The letter calls on Cooper-Union management to immediately begin “an open and responsible process of discussion in the professional community and among the general public about the proposed opening date of the exhibit.”

“Culture of cancellation”: advantages and disadvantages

Among the signatories of the open letter is Xenia Vytuleva-Herz, Ph.D., architectural theorist, visiting professor at the University of Basel.

“I have a clear opinion on this issue,” Ksenia Vytuleva said in an interview with Russian service media. – Such censorship and such lack of professionalism in the field of education are in principle unacceptable. Especially now. Especially in this case. I am strongly against “cancel culture”. I see all too well what this leads to. It is impossible to cancel, ban, cut, suppress for political and national reasons both research and exhibitions, as well as the work of individual artists.

“VKHUTEMAS is a school that just teaches you to think freely,” Ksenia Vytuleva-Hertz continued. – It was dissolved at the end of the 1920s, when Stalin began to strengthen his personal power in the country. I don’t like that a talented and extremely important exhibition for New York and the world scientific community is canceled because of a slander. I am sure that all signatories of the letter, like me, actively oppose the war. And the curator of the exhibition, Anya Bokova, an architectural historian, wrote an excellent book and defended her thesis at Yale University on VKHUTEMAS. I know Anya, we spoke at the same conferences.
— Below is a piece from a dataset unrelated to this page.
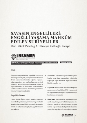 Engelli bireyler için oldukça zor geçen bu sürecin devlet eliyle ve resmî kurumlar tarafından sağlıklı, bilinçli ve toplumu da içine alacak bir şekilde yönetilmesi büyük önem arz etmektedir. Artık bir kriz olmaktan çıkıp süreç haline gelen Suriye savaşı neticesinde ülkemize gelen binlerce engelli Suriyelinin yaşadığı sosyal, ekonomik, psikolojik, sağlık ve eğitim alanındaki sorunların çözümüne duyulan ihtiyaç giderek daha büyük bir aciliyet arz etmekte ve zorunluluk olarak karşımıza çıkmaktadır.

Ksenia Vytuleva-Hertz said that together with her husband, architect Manuel Hertz, she had spent the last two years before the Russian aggression in Kiev, where a synagogue was built last year according to her project in memory of the Babi Yar tragedy.

“Because of the war, my whole soul hurts,” she says. “But cancel the story? – No, it’s not an option, that in itself is very scary. All of us – teachers, historians, curators, artists – were hostages to this extremely unpleasant situation.

“My father, Lazar Khidekel, was close to VKHUTEMAS, its program and its principles,” said Mark Khidekel. – Even the admission card of a student of these workshops has been kept in its archives. But we know that my father returned to Vitebsk and remained a student of Malevich, becoming one of the founders of UNOVIS (avant-garde art association). Canceling the exhibit at Cooper-Union is all the more stupid since the essence of VKHUTEMAS is to serve as a laboratory of the future. The Russian avant-garde largely determined the paths and destinies of 20th century art. It should be borne in mind that the objects of VKhUTEMAS have not been preserved, and the exhibition presents the works of American students of Cooper Union, who reproduce them. Why punish them? It all sounds like a witch hunt. The cancellation of the exhibition means the second, several years later, the murder of the Russian avant-garde. It’s like canceling the periodic table because it’s Russian.”

At the same time, the decision to postpone the exhibition was welcomed by art historian Myroslava Mudrak, professor emeritus at Ohio State University. In an open letter to her colleagues, she called Cooper Union’s decision “courageous and professional.”

“The opening of the exhibition during a full-scale war unleashed by Russia and threatening the very existence of Ukrainian art and culture”, writes Professor Mudrak, “will not only demonstrate the indifference of a part of the current scientific world, but also our professional weakness as historians of Russian and Eastern European art and architecture”.

“A slap in the face of public taste, to paraphrase David Burliuk, who made the East Village his home in the 1920s, can be seen as such a ‘celebration of culture’ in the region where Ukrainians live, the emigrants who fled the Soviet regime, or newly arrived refugees “, – says Miroslava Mudrak.